(Source material):
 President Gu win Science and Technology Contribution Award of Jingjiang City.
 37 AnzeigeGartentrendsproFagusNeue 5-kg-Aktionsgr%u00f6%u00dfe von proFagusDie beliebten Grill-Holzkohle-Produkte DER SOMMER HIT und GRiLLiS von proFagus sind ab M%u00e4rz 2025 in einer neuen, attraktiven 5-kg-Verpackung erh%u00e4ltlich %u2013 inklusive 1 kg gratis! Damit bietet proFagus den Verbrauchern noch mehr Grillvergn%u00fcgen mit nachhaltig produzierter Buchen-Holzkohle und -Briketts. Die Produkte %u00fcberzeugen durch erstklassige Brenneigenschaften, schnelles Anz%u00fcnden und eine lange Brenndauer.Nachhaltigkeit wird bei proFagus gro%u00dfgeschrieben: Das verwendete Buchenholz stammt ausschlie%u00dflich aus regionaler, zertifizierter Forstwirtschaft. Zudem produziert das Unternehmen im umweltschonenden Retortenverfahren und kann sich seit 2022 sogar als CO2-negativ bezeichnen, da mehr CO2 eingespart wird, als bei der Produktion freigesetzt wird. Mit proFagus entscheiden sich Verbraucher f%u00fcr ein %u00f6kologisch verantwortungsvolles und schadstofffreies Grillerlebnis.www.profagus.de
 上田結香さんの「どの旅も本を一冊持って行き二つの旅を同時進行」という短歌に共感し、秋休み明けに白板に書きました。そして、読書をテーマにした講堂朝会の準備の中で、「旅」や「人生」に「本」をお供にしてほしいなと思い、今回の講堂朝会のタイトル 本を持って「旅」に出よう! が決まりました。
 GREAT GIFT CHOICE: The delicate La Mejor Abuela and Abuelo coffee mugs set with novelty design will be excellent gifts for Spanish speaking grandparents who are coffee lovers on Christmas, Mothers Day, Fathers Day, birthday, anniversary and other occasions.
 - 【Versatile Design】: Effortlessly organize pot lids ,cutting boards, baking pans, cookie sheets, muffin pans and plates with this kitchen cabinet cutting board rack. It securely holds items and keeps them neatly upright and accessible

--

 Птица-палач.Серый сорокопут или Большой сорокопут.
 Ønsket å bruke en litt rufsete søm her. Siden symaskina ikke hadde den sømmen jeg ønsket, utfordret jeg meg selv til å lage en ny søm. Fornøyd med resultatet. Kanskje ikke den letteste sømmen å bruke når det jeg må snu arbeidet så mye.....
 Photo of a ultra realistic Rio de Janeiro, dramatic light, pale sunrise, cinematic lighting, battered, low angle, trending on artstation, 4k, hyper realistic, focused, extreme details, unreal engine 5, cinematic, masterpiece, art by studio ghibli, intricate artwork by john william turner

...

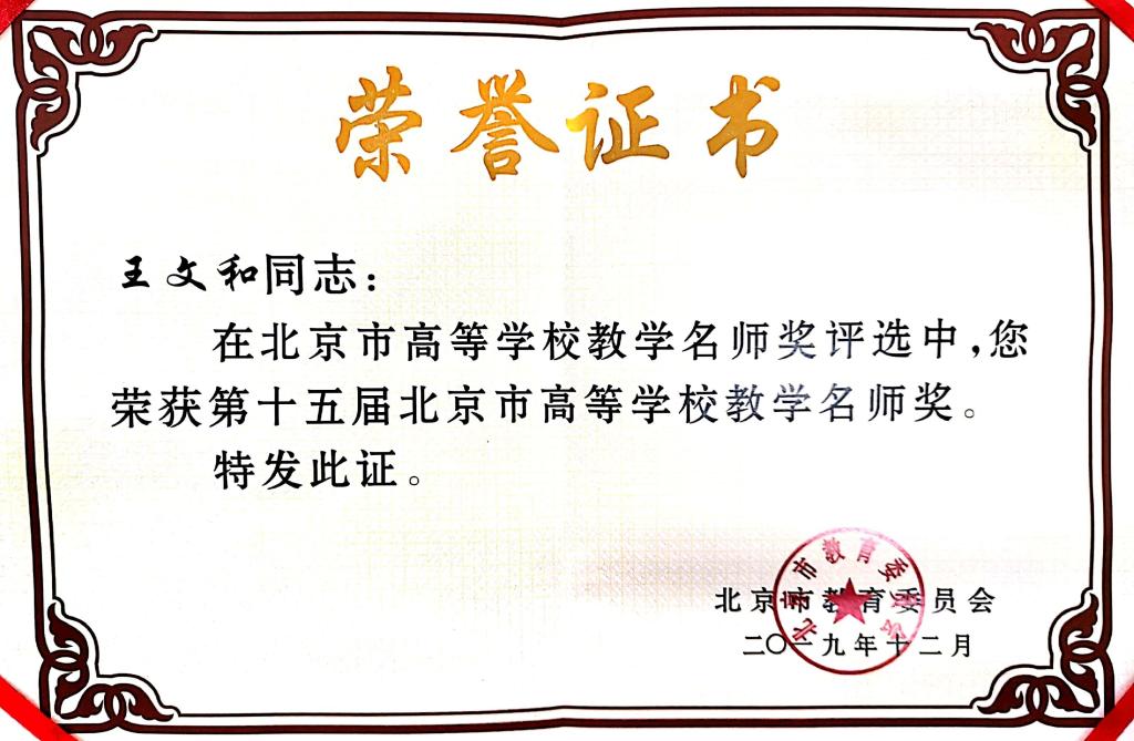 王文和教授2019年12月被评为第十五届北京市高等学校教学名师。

(Task objective): Scan the entries above and return each line that holds "with".

(Result for this exercise):
 GREAT GIFT CHOICE: The delicate La Mejor Abuela and Abuelo coffee mugs set with novelty design will be excellent gifts for Spanish speaking grandparents who are coffee lovers on Christmas, Mothers Day, Fathers Day, birthday, anniversary and other occasions.
 - 【Versatile Design】: Effortlessly organize pot lids ,cutting boards, baking pans, cookie sheets, muffin pans and plates with this kitchen cabinet cutting board rack. It securely holds items and keeps them neatly upright and accessible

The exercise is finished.